Nkl, Hamp, and Dic have also been described as antiviral effectors in diverse species [27,31,36,37,61,62,63,64]. Thus, we evaluated the type-I IFN pathway since it is considered the main direct antiviral response in teleost. However, in European sea bass, only the Nkl peptide was able to induce the activation of IFN genes, as also occurred after in vivo administration in tongue sole (Solea senegalensis) and mudskipper [13,27], and after in vitro stimulation with beta-defensin in orange-spotted grouper (Epinephelus coioides) cells [65]. Nevertheless, as occurred in our study with gilthead seabream cells, Nkl peptides failed to induce the IFN pathway in other fish species [15,34], even when they showed protective capacity upon viral infection [12,66,67]. In contrast, our study showed that the IFN pathway was likewise unaltered by the administration of Hamp and Dic peptides to European sea bass HK cells, as also occurred when administering Hamp and Dic encoding plasmids in European sea bass [11], Hamp plasmids in loach, or Hamp peptide in medaka (Oryzas latipes) [29,63]. Similar to what happened with Nkl, Hamp and Dic greatly down-regulated the IFN markers in gilthead seabream cells, revealing a completely different pattern of expression in both species. Altogether, our data suggest that the antiviral properties of AMPs are not driven by the type-I IFN pathway, and other modes of action might be induced.
CMC is involved in the elimination of virus-infected cells and related to the antiviral actions. So, we next evaluated several markers of the CMC in both species. To our knowledge, this study is the first to relate the modulation of CMC function or markers with AMPs. We have already documented the potential implication of prf, fasl, gzmb, or nccrp1 in the European sea bass and/or gilthead seabream CMC and with the viral infections [28,68,69,70,71]. Likewise, induction of AMP-related genes upon viral infection in these species has also been described in our laboratory [37,62], suggesting an important connection between these two immune routes to fight against viruses, as suggested for humans [18,72]. Interestingly, all the studied synthetic peptides were able to modulate the transcription of one or several CMC marker genes in both species studied, reinforcing our initial hypothesis of the important connection between CMC and AMPs in the fish immune response. Thus, in European sea bass HK cells, all AMPs induce the transcription of CMC markers, as has also occurred in previous in vitro and in vivo studies in several species upon different pathogenic challenges [38,70,73,74] pointing to a potential synergic effect of AMPs and CMC in the infection resolution. By contrast, the transcription of fasl and prf was down-regulated in gilthead seabream HK cells by all AMPs studied, whilst Hamp and Dic peptides also increased the transcription of gzmb.

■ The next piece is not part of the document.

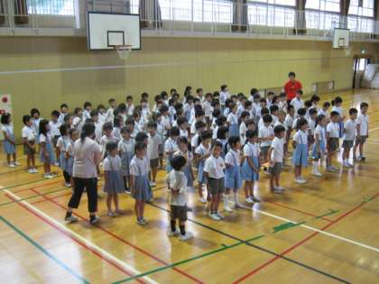 7月17日1時間目。2年生は講堂に集まって「平和学習登校日」の練習をしていました。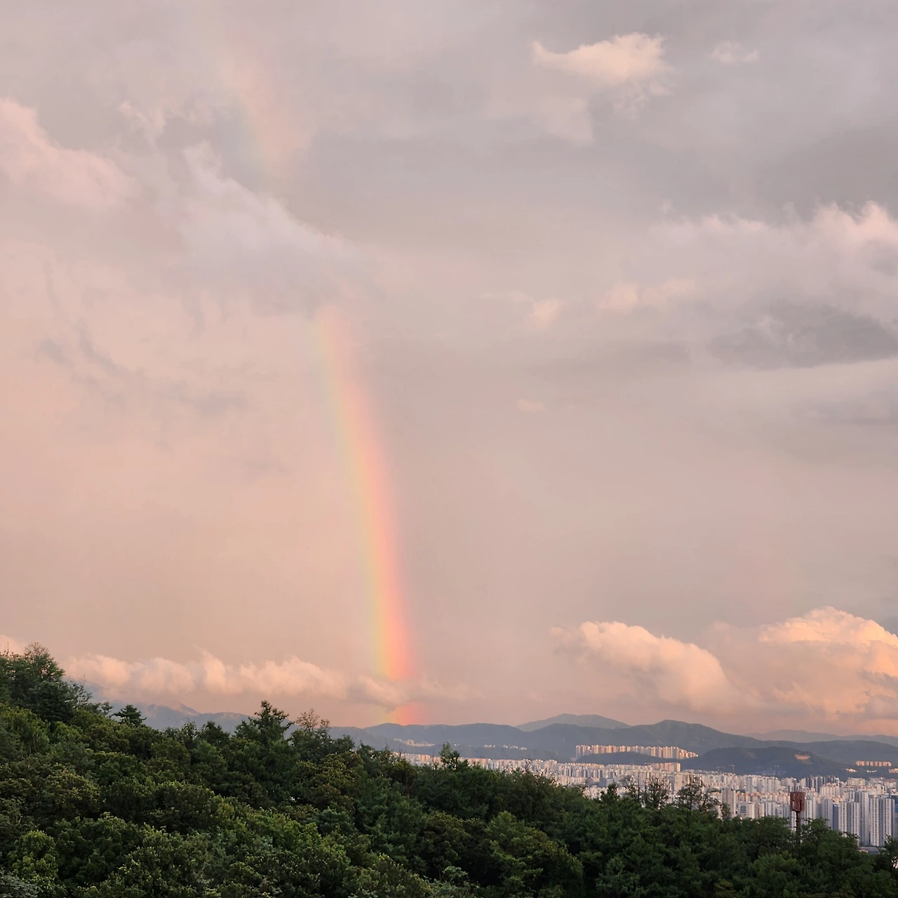 갑자기 굵은 빗방울이 후두둑 떨어진다. 우산을 재빠르게 펼치고 후덥지근한 땀을 뻘뻘 흘리며 팔각정에 도착했다. 정상에 도착해서 숨을 고르고 하늘을 쳐다보니 비가 걷히고 구름 사이에 무지개가 피어있었다. 나도 모르게 ‘너무 예쁘네’ 감탄이 새어 나왔다. 얼마 만에 보는 무지개인가. 먹빛 하늘만 보다가 선명한 일곱 색 무지개를 보니 노아의 방주가 생각났다.

These data point to a diminished CMC response in seabream leucocytes, which might be less efficient in cases of infection.
The interplay among AMPs was also considered in this study. Previous data obtained in our lab described AMP cross-regulation in European sea bass [11], suggesting feedback among the expression levels of AMPs. In this work, we observed an up-regulation of lyz gene expression when European sea bass cells were treated with Nkl. Besides, Hamp administration to zebrafish (Danio rerio) resulted in the up-regulation of lyz gene expression [19]. Our data showed that in gilthead seabream cells, the transcription levels of lyz and defb1 are up-regulated or those of dic down-regulated when treated with Hamp and Dic or Nkl and Dic, respectively. Taking all these into account, the idea of feedback among AMP expression is reinforced in this study. Although AMPs are mainly involved in innate immune responses, they can also serve as a bridge to adaptive immune responses [21]. To further evaluate this issue, we have studied the expression of a B-cell marker, ighm, obtaining a great up-regulation in European sea bass with all the studied AMPs and suggesting that they are able to stimulate adaptative responses. In sharp contrast to this, gilthead seabream HK cells stimulated with all tested AMPs kept this gene expression unaltered, but Hamp and Dic triggered the down-regulation of mhc2, which is also related to the adaptive response [9], suggesting a potential suppression of the adaptive response in gilthead seabream.

4. Materials and Methods

4.1. Animals

Healthy specimens of European sea bass (Dicentrarchus labrax L.; 131.4 ± 17.1 g body weight (bw); 20.9 ± 0.9 cm length) and gilthead seabream (Sparus aurata L.; 195.5 ± 29.1 g bw; 20.1 ± 0.8 cm length) were bred at Centro Oceanográfico de Murcia, Instituto Español de Oceanografía (COMU-IEO), CSIC, facilities and maintained in an open flow-through circuit with suitable aeration under natural water temperature and photoperiod. Fish were fed ad libitum with a commercial pellet diet (Skretting) with a maximum intake of 1% of their biomass. The environmental parameters, mortality, and food intake were recorded daily. Specimens were handled under the Guidelines of the European Union Council (2010/63/UE), the Bioethical Committees of the IEO (REGA code ES300261040017), and the approval of the Ministry of Water, Agriculture and Environment of the Autonomous Community Region of Murcia (Permit Number A13210701).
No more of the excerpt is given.